• YOUR TASK: In the entries below, which lines run from the one with "စတူဒီယိုတွင်း မြို့ပြ လရောင်တမ်းချင်းနှင့်" through the one with "Fig. 2. Monumento"? Repeat exactly those, both included, and no pictures.

• DATA FOR THE TASK:
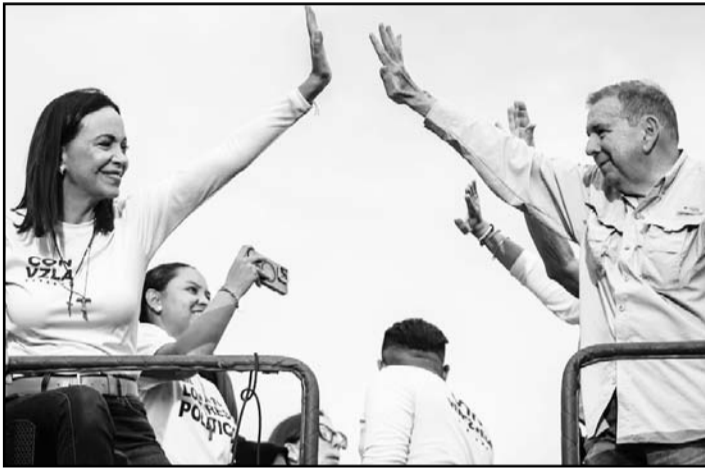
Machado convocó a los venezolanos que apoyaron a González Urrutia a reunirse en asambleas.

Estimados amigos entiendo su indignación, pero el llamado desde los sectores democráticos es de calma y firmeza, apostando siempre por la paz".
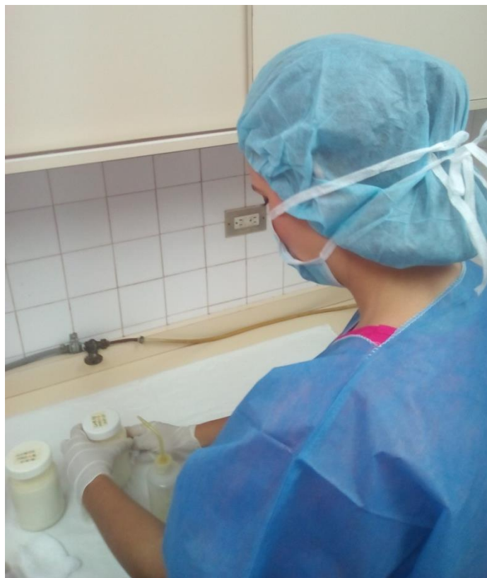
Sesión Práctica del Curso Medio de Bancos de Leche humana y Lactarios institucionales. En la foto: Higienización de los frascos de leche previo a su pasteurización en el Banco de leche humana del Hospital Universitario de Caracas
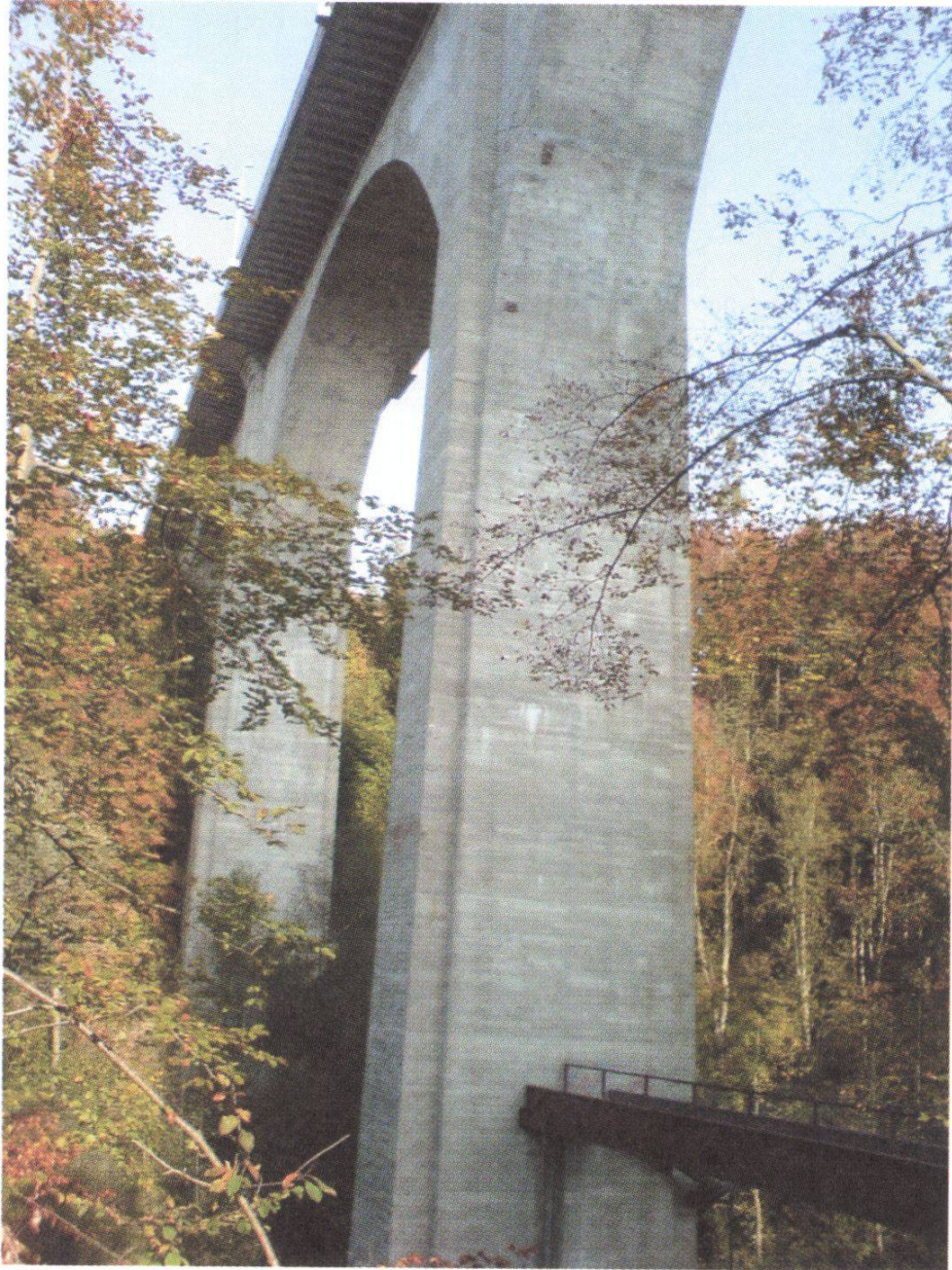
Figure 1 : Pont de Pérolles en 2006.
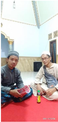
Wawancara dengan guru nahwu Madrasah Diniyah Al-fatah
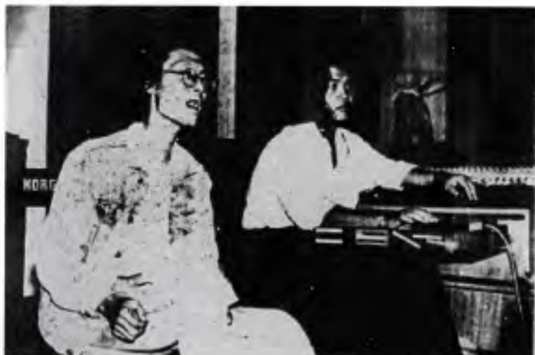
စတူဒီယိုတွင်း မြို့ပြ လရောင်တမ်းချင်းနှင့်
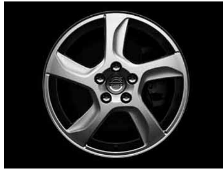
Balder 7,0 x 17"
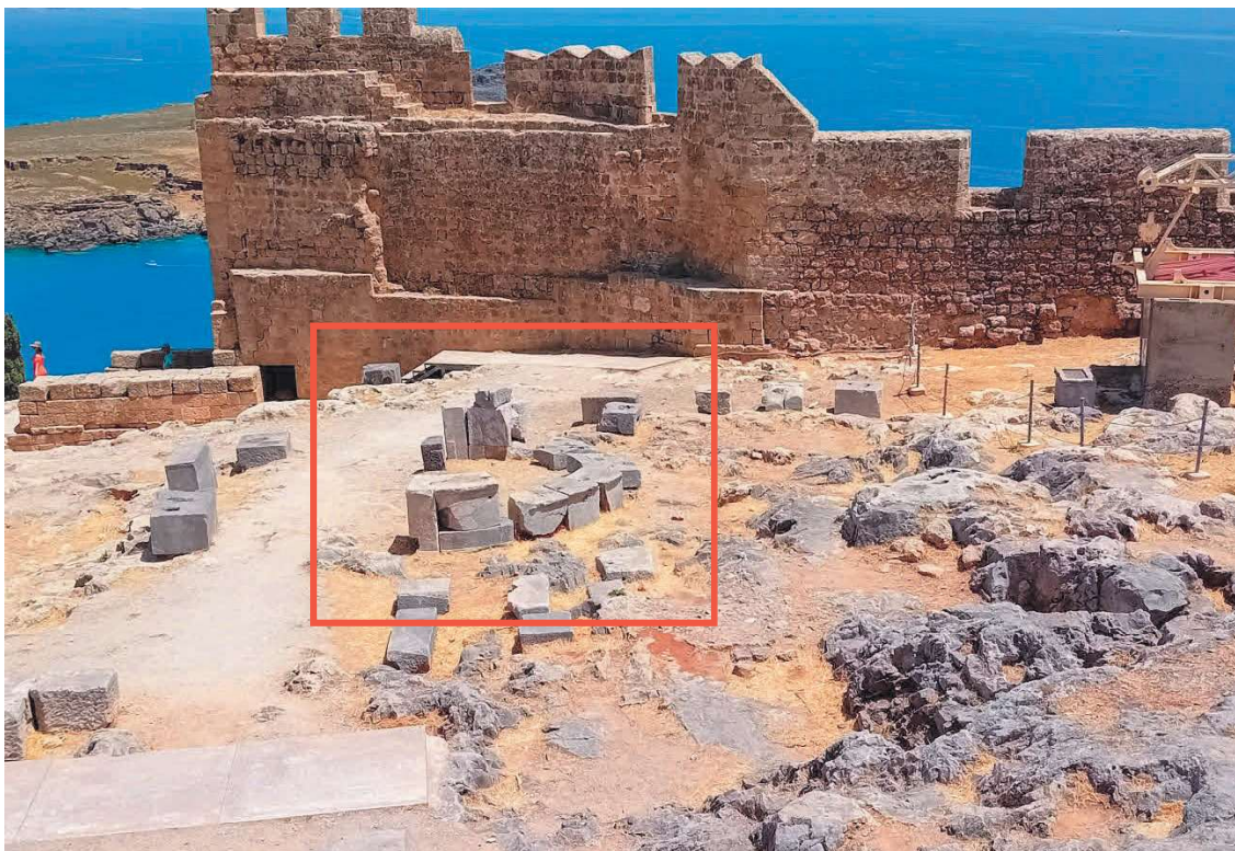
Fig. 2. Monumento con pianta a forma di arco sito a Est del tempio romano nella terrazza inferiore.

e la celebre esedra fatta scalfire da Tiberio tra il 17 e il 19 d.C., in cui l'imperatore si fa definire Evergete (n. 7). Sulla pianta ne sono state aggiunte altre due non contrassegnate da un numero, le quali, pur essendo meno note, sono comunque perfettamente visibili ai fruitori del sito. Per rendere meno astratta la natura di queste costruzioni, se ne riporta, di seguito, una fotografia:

• ANSWER BELOW:
စတူဒီယိုတွင်း မြို့ပြ လရောင်တမ်းချင်းနှင့်
Balder 7,0 x 17"
Fig. 2. Monumento con pianta a forma di arco sito a Est del tempio romano nella terrazza inferiore.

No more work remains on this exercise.